<<<<
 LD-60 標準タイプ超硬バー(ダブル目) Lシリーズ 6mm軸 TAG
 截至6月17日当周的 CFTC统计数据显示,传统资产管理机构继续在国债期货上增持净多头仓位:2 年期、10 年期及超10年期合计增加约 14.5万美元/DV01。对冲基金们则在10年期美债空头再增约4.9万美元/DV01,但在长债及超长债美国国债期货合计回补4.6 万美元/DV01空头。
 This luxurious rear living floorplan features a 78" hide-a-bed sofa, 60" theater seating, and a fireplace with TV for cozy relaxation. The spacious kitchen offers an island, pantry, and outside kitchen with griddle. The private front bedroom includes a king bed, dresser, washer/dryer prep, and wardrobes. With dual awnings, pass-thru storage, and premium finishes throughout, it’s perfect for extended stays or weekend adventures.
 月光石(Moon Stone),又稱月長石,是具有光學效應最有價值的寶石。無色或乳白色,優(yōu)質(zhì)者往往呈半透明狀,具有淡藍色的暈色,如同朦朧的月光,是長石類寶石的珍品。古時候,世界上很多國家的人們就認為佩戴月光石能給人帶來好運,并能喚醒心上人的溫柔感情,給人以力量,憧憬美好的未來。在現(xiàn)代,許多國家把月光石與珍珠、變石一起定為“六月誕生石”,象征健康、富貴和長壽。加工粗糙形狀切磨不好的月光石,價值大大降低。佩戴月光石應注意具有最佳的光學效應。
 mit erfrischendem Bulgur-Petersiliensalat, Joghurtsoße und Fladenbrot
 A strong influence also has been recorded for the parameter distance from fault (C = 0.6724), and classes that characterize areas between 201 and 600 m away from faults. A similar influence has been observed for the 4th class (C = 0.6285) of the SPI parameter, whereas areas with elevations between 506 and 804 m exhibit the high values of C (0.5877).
>>>>
<<<<
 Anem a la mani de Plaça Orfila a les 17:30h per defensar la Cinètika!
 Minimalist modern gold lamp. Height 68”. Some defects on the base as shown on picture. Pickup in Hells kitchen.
>>>>
→ Assigned task
Taking the line with "LD-60 標準タイプ超硬バー(ダブル目) Lシリーズ 6mm軸 TAG" as the first and the line with "This luxurious rear" as the last, retype that stretch of the data above exactly, with no other lines.

→ Answer to this problem
 LD-60 標準タイプ超硬バー(ダブル目) Lシリーズ 6mm軸 TAG
 截至6月17日当周的 CFTC统计数据显示,传统资产管理机构继续在国债期货上增持净多头仓位:2 年期、10 年期及超10年期合计增加约 14.5万美元/DV01。对冲基金们则在10年期美债空头再增约4.9万美元/DV01,但在长债及超长债美国国债期货合计回补4.6 万美元/DV01空头。
 This luxurious rear living floorplan features a 78" hide-a-bed sofa, 60" theater seating, and a fireplace with TV for cozy relaxation. The spacious kitchen offers an island, pantry, and outside kitchen with griddle. The private front bedroom includes a king bed, dresser, washer/dryer prep, and wardrobes. With dual awnings, pass-thru storage, and premium finishes throughout, it’s perfect for extended stays or weekend adventures.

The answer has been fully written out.